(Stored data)
- - - -

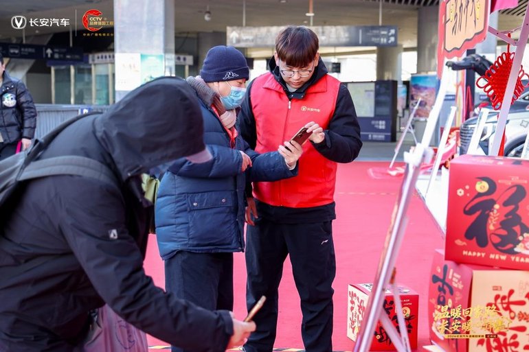 除此之外,在驿站还设有专业讲解人员为旅客现场介绍长安汽车旗下热门车型的性能亮点与舒适配置。让旅客在收获新春好礼的同时,也能亲身感受长安汽车在安全、科技与舒适方面的匠心之处,更直观地体验“科技长安”带来的出行温度。
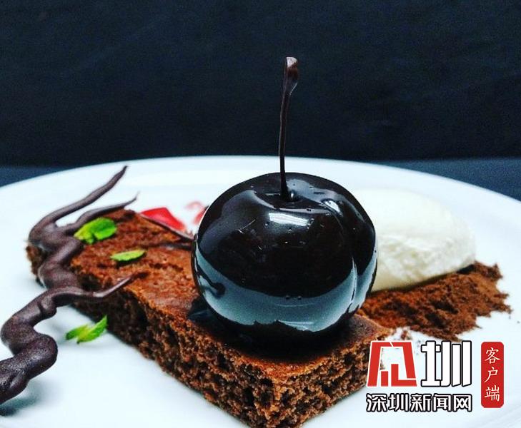 “煙灰缸”奶酪。煙灰缸內(nèi)放置著瓦尼拉蔓越莓慕斯,巧克力還有蛋白粉末制作的煙頭煙灰。
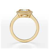 • Wedding Band: This design will not sit flush with a straight wedding band. We recommend pairing it with one of our custom-curved or v-shaped wedding bands for a seamless, complementary look.
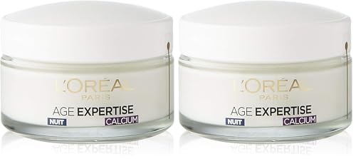 L'Oréal Paris - Crème de Nuit Anti-Âge Fortifiante - Soin Nuit Redensifiant Anti-Rides Triple Action - Enrichi en Calcium - Pour Peaux Matures - À partir de 55 ans - Age Expertise - 50 ml (Lot de 2)
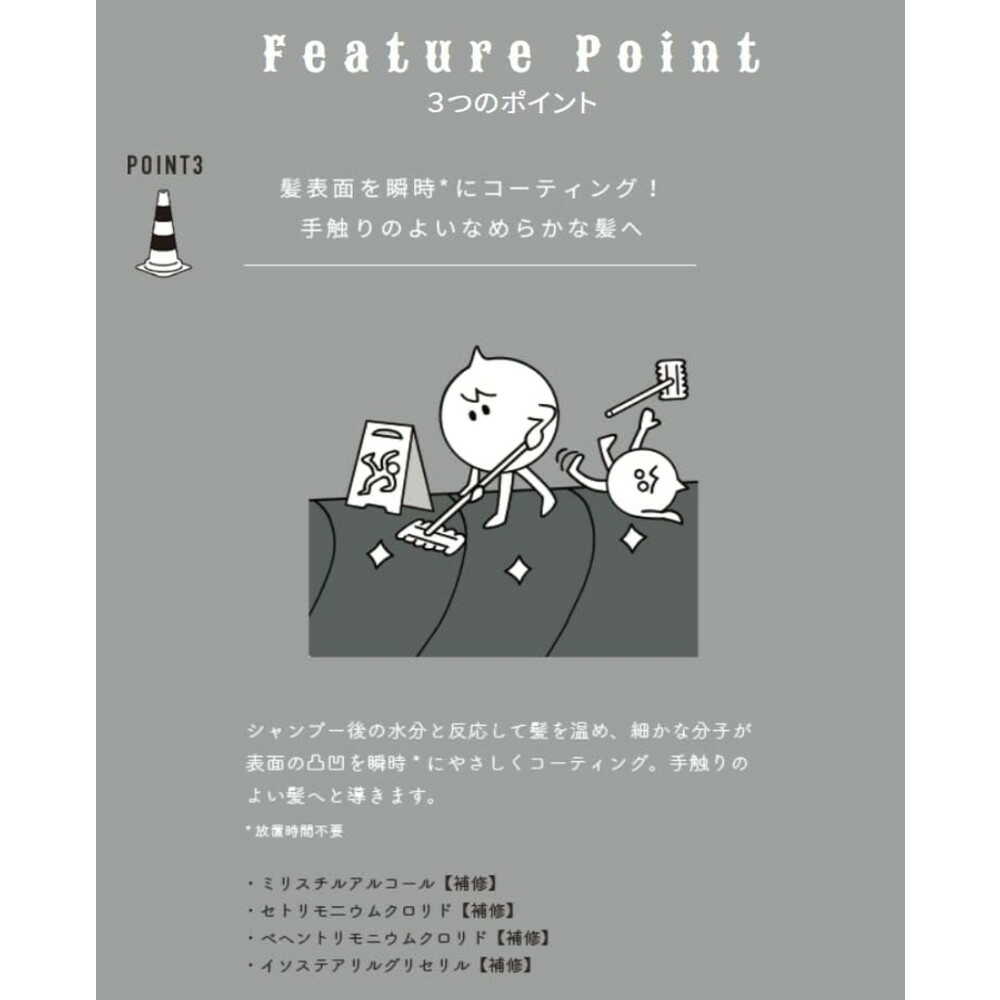 PG、エタノール、水、ミリスチルアルコール、セトリモニウムクロリド、ベタイン、ヒドロキシエチルウレア、バオバブ種子エキス、ゼイン、シクロヘキサン-1,4-ジカルボン酸ビスエトキシジグリコール、加水分解ケラチン(羽毛)、ベヘントリモニウムクロリド、イソステアリルグリセリル、ジラウロイルグルタミン酸リシンNa、乳酸、イソプロパノール、DPG、香料
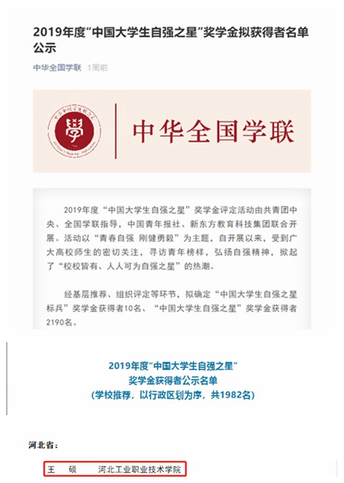 近日,由共青团中央、全国学联等部门联合开展的“中国大学生自强之星”奖学金评选结果揭晓。开云在线(中国)唯一官方网站智能制造系王硕同学经过层层推荐,荣获2019年度“中国大学生自强之星”。
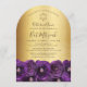 Invitación Chic Purple Rose Floral Gold Bat Mitzvah
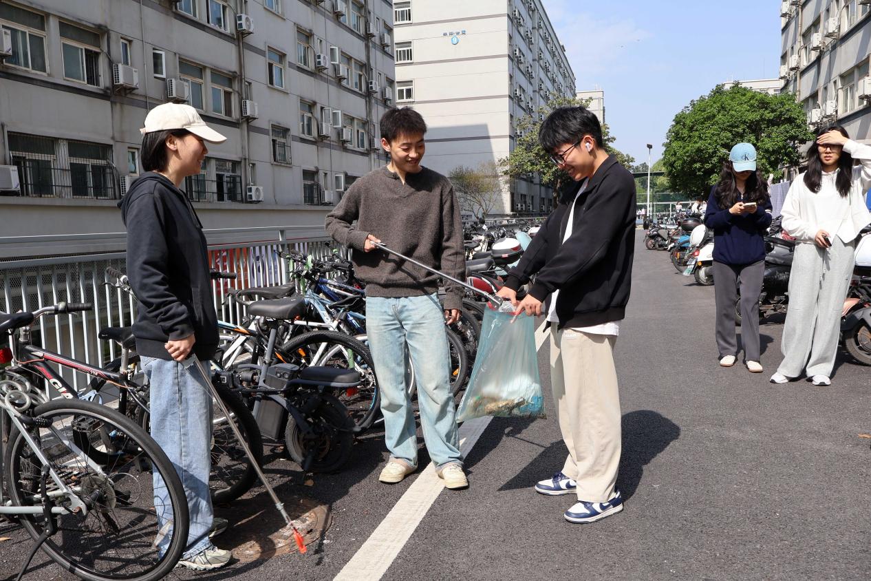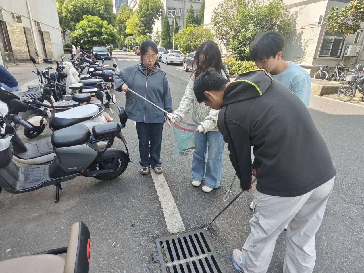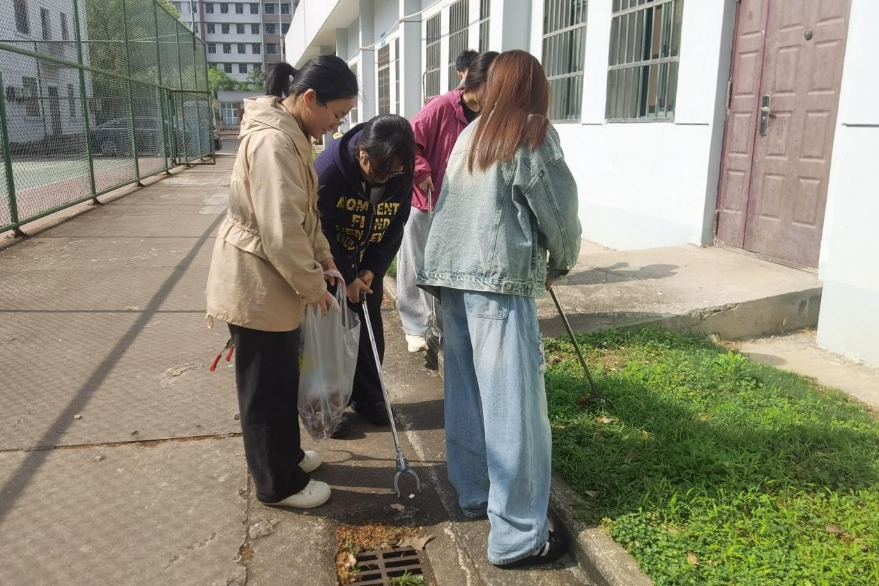 活动现场,志愿者们分工明确、协作高效,手持垃圾夹、垃圾袋等工具,对路面散落的垃圾、绿化带中的白色污染物、烟头碎屑,以及墙角缝隙里的顽固杂物开展“地毯式”清理。大家弯腰俯身、细致排查,忙碌的身影穿梭在校园的林荫道与绿化带之间,用实际行动守护校园环境的整洁。
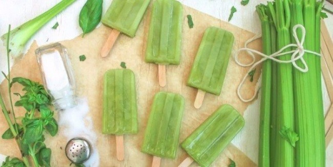 Несладкий, но освежающий лед можно приготовить из сельдерея. Натрите его на терке и выжмите сок через марлю. Смешайте в блендере с базиликом.
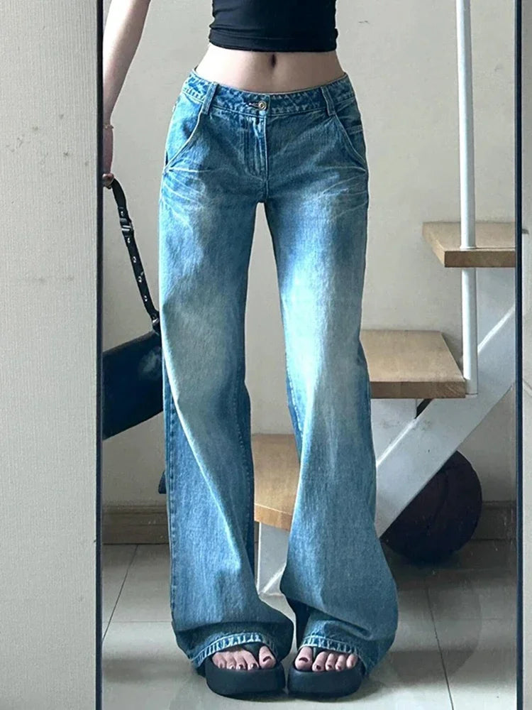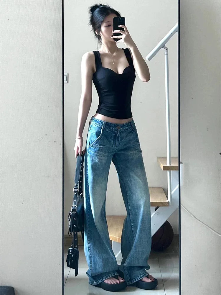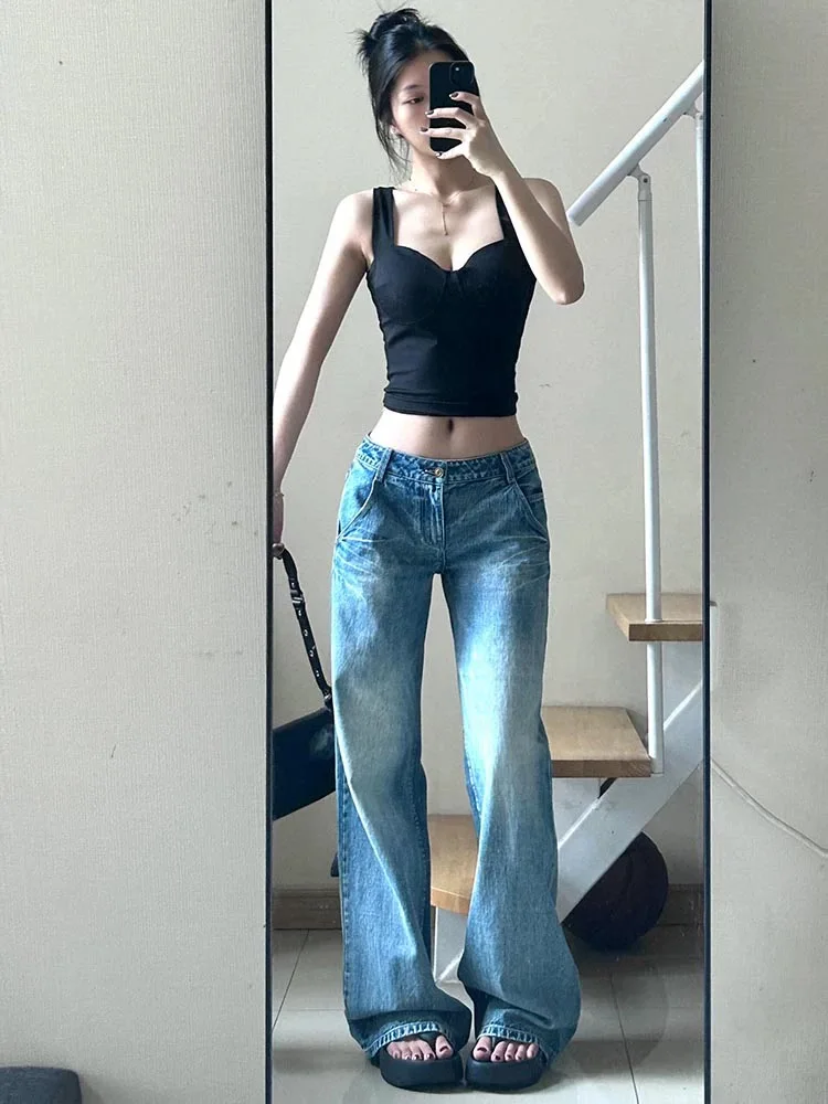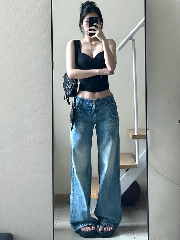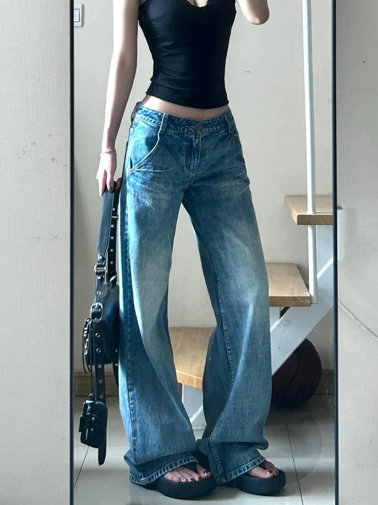 KYLETHOMASW  -  New Vintage Washed Distressed Fashion Female Wide Leg Pants American Basic High Waist Loose Casual Straight Simple Women Jeans

- - - -

▶ [ACTIVITY]
The exact lines from the beginning of the data through the one that contains "Несладкий, но освежающий" must be given again, both ends included, and pictures must be left out.

▶ [PROBLEM SOLUTION]
 除此之外,在驿站还设有专业讲解人员为旅客现场介绍长安汽车旗下热门车型的性能亮点与舒适配置。让旅客在收获新春好礼的同时,也能亲身感受长安汽车在安全、科技与舒适方面的匠心之处,更直观地体验“科技长安”带来的出行温度。
 “煙灰缸”奶酪。煙灰缸內(nèi)放置著瓦尼拉蔓越莓慕斯,巧克力還有蛋白粉末制作的煙頭煙灰。
 • Wedding Band: This design will not sit flush with a straight wedding band. We recommend pairing it with one of our custom-curved or v-shaped wedding bands for a seamless, complementary look.
 L'Oréal Paris - Crème de Nuit Anti-Âge Fortifiante - Soin Nuit Redensifiant Anti-Rides Triple Action - Enrichi en Calcium - Pour Peaux Matures - À partir de 55 ans - Age Expertise - 50 ml (Lot de 2)
 PG、エタノール、水、ミリスチルアルコール、セトリモニウムクロリド、ベタイン、ヒドロキシエチルウレア、バオバブ種子エキス、ゼイン、シクロヘキサン-1,4-ジカルボン酸ビスエトキシジグリコール、加水分解ケラチン(羽毛)、ベヘントリモニウムクロリド、イソステアリルグリセリル、ジラウロイルグルタミン酸リシンNa、乳酸、イソプロパノール、DPG、香料
 近日,由共青团中央、全国学联等部门联合开展的“中国大学生自强之星”奖学金评选结果揭晓。开云在线(中国)唯一官方网站智能制造系王硕同学经过层层推荐,荣获2019年度“中国大学生自强之星”。
 Invitación Chic Purple Rose Floral Gold Bat Mitzvah
 活动现场,志愿者们分工明确、协作高效,手持垃圾夹、垃圾袋等工具,对路面散落的垃圾、绿化带中的白色污染物、烟头碎屑,以及墙角缝隙里的顽固杂物开展“地毯式”清理。大家弯腰俯身、细致排查,忙碌的身影穿梭在校园的林荫道与绿化带之间,用实际行动守护校园环境的整洁。
 Несладкий, но освежающий лед можно приготовить из сельдерея. Натрите его на терке и выжмите сок через марлю. Смешайте в блендере с базиликом.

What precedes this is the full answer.